Large language model (LLM)-based agents are evolving from passive text generators into autonomous systems capable of planning, tool use, retrieval, memory access, environmental interaction, and multi-agent collaboration. According to a comprehensive survey published on arXiv, these expanded capabilities make agent behavior harder to verify, debug, and audit. Final-answer accuracy alone cannot explain how an output was produced, which evidence supported each claim, whether tool calls were justified, how memory influenced later decisions, or where failures originated. The survey, titled "From Agent Traces to Trust: A Survey of Evidence Tracing and Execution Provenance in LLM Agents," examines evidence tracing and execution provenance as foundations for process-level accountability in trustworthy LLM agents.

Defining Execution Provenance and Evidence Tracing

The survey defines execution provenance as the typed graph of an agent execution and evidence tracing as its projection onto evidence-support relations. This perspective, according to the authors, connects retrieval grounding, claim support, tool-use safety, memory lineage, observability, debugging, audit, and recovery within a unified framework.

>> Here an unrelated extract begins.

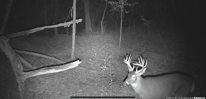 This trail cam photo was taken a little over two weeks before Fortenberry finally tagged the buck. Photograph courtesy Johnathan Fortenberry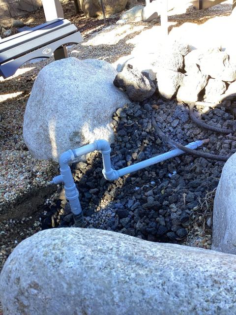 JIG Plumbing will shut off the gas to the home and cut the 3/4” gas stub out for the old BBQ. We will then clean the pipe and install a 3/4” mega press cap close to the wall. The cap will be unpainted. Once the pipe is capped, we will relight the water heater pilot and check functionality. JIG Plumbing will expose the log lighter for the fire pit. We will remove the large rocks, small rocks, and black fire pit rocks to complete expose the log lighter pipe. We will clean the pipe with sand cloth and paint the pipe to add a protective layer to the pipe. This will protect the pipe from further corrosion from the elements. Once the work was completed, the technician relit the gas water heater pilot and set the temperature to “A”

A Unified Taxonomy for Trustworthy Agents

The survey introduces a taxonomy covering:

Trace sources
Evidence and execution units
Provenance relations
Tracing granularity and timing
Representation forms
Trust functions

This taxonomy provides a structured way to categorize and compare different approaches to agent transparency and accountability.

Methodological Directions in Provenance Research

The authors review key methodological directions, including:

Provenance representation – how to encode the execution graph
Evidence attribution – linking claims back to specific evidence
Tool-use provenance – tracking which tool calls were made and why
Runtime guardrails – preventing unsafe actions
Provenance-bearing memory – memory that retains its own source context
Observability – enabling real-time monitoring of agent internals
Failure diagnosis – identifying where and why errors occurred

These directions, the survey states, are critical for building provenance-aware, auditable, and recoverable agent systems.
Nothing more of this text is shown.